Punnuk is a traditional tug of war from the Philippines practiced by the Tuwali-speaking people who live in Hungduan, Ifugao. The competition, held in Hapao River, is observed after the completion of harvest. It formally puts to a close the farming cycle, and signals the beginning of a new one.

== Setting ==
The barangays of Hapao Proper, Nungulunan and Baang in Hungduan, Ifugao practice punnuk. The three barangays are distinctive for their terraced ricefields with stone-walling. Hapao River, the setting for punnuk, flow from Mt. Alawitan and Mt. Polis, and is fed by tributaries from Mt Kapiligan.

== Participants ==
Traditionally, only men join punnuk in the river while the women cheer only. In 2012, a tug-of-war exclusively for women was held.

== Game ==
Punnuk needs two elements: a tinaggu (also known as kinaag) and a pakid. The tinaggu is a figure made up of rice stalks and tightly bundled with vines. The figure often resembles a scarecrow or a monitor lizard. It is the object thrown into the middle part of the river and the subject of tugging between two contending groups that are situated on opposite sides of the river across the current. To pull the tinaggu to their side, each of the groups uses a pakid, the stem of an attoba tree with a root that can be firmly hitched on the tinaggu. The first group to pull the tinaggu to their side is the winner.

It is believed that the winning side will always have their rice granary replenished and full.

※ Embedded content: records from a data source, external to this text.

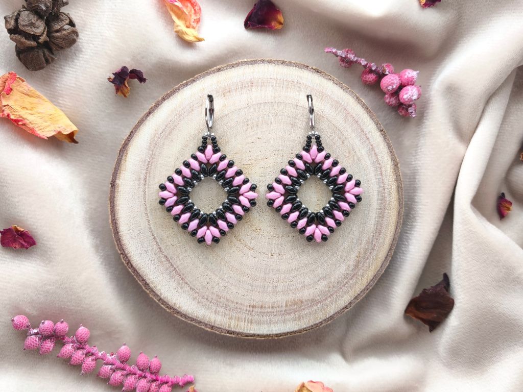 Náušnice jsou ručně šité z kvalitních skleněných korálků a mají praktické zavírací háčky z hypoalergenní nerezové oceli.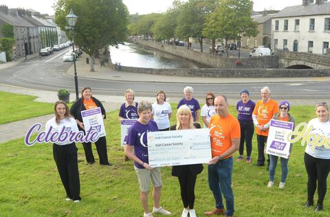 Peter Flynn, chairman of Westport Relay for Life, and Pauline Golden with members of the committee and team captains at The Fairgreen presenting a cheque for €80,007 to Mary Murray, from the Irish Cancer Society. Picture: Frank Dolan
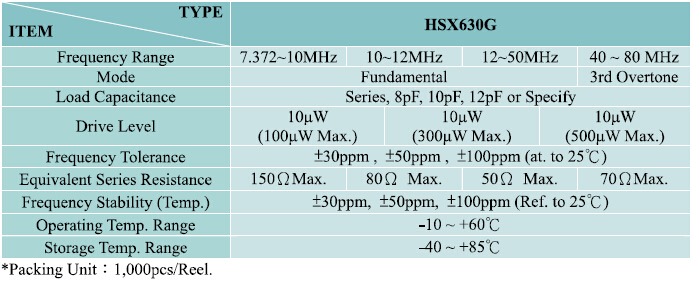 HSX630G諧振器,6035mm陶瓷面晶振,加高晶振型號,尺寸大小6.0*3.5*1.2mm,頻率范圍7.372 to 80.0MHZ,工作溫度-10~+60℃耐高溫環境,精度高和可靠性的熱量阻力,適合各種應用程序,常見臨時轉換解決方案便攜式消費設備,選擇性浸式時鐘臨時解決方案,設計要考慮切換到SMD類型生產.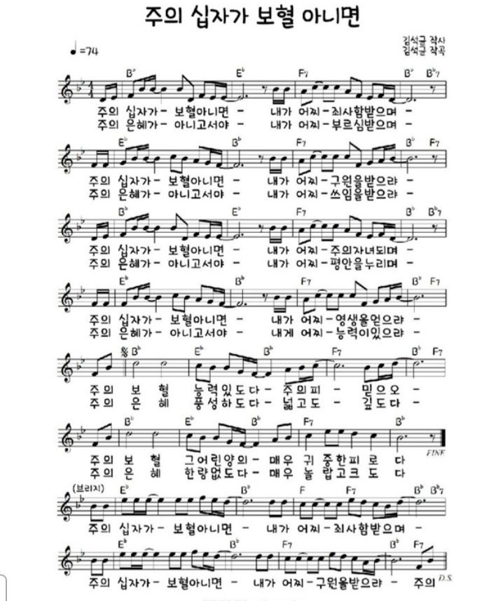주의 십자가 보혈 아니면 내가 어찌 죄사함 받으며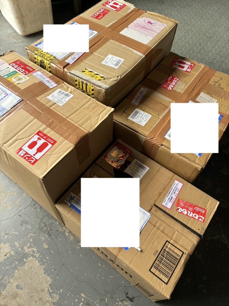 複数のダンボール箱に、丁寧に梱包された品物たち。

Meanwhile, the losers will have their harvest be easily consumed and thus will not last until the next harvest season.

== UNESCO Recognition ==

Punnuk, together with tugging rituals and games in Cambodia, South Korea, and Vietnam, were collectively included in UNESCO's Intangible Cultural Heritage of Humanity List in 2015. The decision was made at the 10th Intergovernmental Committee for the Safeguarding of the Intangible Cultural Heritage meeting held in Windhoek, Namibia.